“Background”
At present, most of our projects are developed by Vue or React. Just last month, there was a request for a multi-page official web page that ended up producing 20+ pages, but most of the pages could be produced using the same template, with some of the data being different. For example, there are several different products under the product, and each product should have a separate page with the same layout and only copy and pictures need to be replaced. And the project should support SEO. After some consideration, I chose webpack + Art + JQ.
“Art – the template”
Art-template is a minimalist, ultra-fast templating engine. It supports both NodeJS and browsers.
I chose ART because of its template syntax, and when I talk about template syntax, I’m sure some people will ask why not use EJS? Ejs was used in the beginning, but the EJS-loader had problems with hot updates and could not listen to new pages, which was very inconvenient during development, so it replaced art-template, which also had EJS template syntax.
The ART syntax supports template import, and all reusable templates are pulled out, just like writing components in VUE.
Include can be introduced to each page. There are also outputs, conditions, loops, sub-templates, etc., which can be configured according to their respective projects.
“Webpack”
Webpack needs to configure the file entry and output, mainly through entrys and TPLS functions to read the corresponding information, and write it into the Entry of Webpack and HtmlWebpackPlugin respectively.
The SASS of the corresponding page is entered through JS import. Then through MiniCssExtractPlugin compiled to generate a separate CSS into the page.
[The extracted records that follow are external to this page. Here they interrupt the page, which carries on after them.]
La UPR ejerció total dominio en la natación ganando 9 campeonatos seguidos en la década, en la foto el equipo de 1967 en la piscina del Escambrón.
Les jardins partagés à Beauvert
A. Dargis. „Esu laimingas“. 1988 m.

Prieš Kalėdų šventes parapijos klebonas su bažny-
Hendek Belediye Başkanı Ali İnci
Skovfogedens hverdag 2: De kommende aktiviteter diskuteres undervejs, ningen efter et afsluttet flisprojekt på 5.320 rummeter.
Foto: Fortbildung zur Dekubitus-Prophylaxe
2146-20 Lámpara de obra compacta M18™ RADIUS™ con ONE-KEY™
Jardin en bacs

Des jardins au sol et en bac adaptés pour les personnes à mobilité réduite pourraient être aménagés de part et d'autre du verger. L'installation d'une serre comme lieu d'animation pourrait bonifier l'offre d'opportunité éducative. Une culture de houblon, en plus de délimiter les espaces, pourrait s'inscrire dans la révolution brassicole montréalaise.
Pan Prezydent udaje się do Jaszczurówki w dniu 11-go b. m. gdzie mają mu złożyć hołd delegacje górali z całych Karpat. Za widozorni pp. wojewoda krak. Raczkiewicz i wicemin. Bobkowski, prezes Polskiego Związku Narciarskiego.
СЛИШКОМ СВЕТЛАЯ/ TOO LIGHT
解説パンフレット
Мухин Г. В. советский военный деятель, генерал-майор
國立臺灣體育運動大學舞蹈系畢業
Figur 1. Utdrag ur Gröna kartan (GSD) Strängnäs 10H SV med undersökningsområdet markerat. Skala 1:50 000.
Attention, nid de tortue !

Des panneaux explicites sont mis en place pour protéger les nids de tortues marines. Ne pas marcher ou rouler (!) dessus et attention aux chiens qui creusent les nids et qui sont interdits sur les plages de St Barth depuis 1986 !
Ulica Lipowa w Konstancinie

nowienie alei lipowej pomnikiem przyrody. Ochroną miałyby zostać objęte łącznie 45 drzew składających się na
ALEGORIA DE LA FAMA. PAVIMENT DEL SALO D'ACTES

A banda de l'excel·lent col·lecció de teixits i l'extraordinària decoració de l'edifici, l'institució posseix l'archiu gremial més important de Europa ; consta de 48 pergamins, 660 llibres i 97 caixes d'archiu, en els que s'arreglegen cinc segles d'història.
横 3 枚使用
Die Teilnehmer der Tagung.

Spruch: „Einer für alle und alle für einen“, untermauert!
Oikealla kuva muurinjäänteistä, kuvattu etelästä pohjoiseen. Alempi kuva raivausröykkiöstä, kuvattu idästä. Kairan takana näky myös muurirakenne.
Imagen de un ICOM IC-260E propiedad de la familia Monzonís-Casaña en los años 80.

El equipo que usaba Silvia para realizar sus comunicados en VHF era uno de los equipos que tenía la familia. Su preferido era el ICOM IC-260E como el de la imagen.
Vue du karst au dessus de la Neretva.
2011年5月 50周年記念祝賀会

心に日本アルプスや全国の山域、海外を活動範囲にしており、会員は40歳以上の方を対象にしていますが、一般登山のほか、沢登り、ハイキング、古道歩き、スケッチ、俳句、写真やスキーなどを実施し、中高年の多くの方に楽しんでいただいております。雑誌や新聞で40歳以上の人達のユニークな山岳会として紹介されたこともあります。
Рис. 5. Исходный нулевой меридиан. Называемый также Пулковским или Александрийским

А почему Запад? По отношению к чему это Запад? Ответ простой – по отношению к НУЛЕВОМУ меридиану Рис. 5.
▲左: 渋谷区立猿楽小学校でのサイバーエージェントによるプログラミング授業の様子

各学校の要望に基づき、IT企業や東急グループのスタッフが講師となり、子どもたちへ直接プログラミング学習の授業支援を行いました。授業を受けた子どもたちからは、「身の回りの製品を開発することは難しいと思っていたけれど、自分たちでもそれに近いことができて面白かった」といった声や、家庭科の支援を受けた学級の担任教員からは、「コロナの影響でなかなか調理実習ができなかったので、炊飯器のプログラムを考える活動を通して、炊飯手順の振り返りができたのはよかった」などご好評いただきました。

Because this article mainly introduces the multi-page solution, the code display is only part of the Webpack configuration, there are other Plugin, Loader is not in this introduction, you can choose your favorite Plugin, Loader
The project uses webpack-chain to modify the Webpack configuration in chain mode. Please refer to the specific syntaxGithub
Page. json is the file that manages all the multi-page configurations
- Filename corresponds to the output directory
- TPL Indicates the path of the input template
- Script /chunk corresponds to the js name of the imported JS path
- Params corresponds to injected data
{{title}}, as written in 👆 TPL above, is used for data injection
The advantage of defining a single configuration JSON in this way is that each page can be customized accordingly, so that others can clearly see the configuration of each page when they take over the project, and can quickly configure their own functions.
The disadvantage is that you need to recompile the file after modifying the configuration JSON. Also, as the project page increases, the number of times you need Ctrl C/V increases
By this step, the overall framework of the project is completed, and the development can be happy.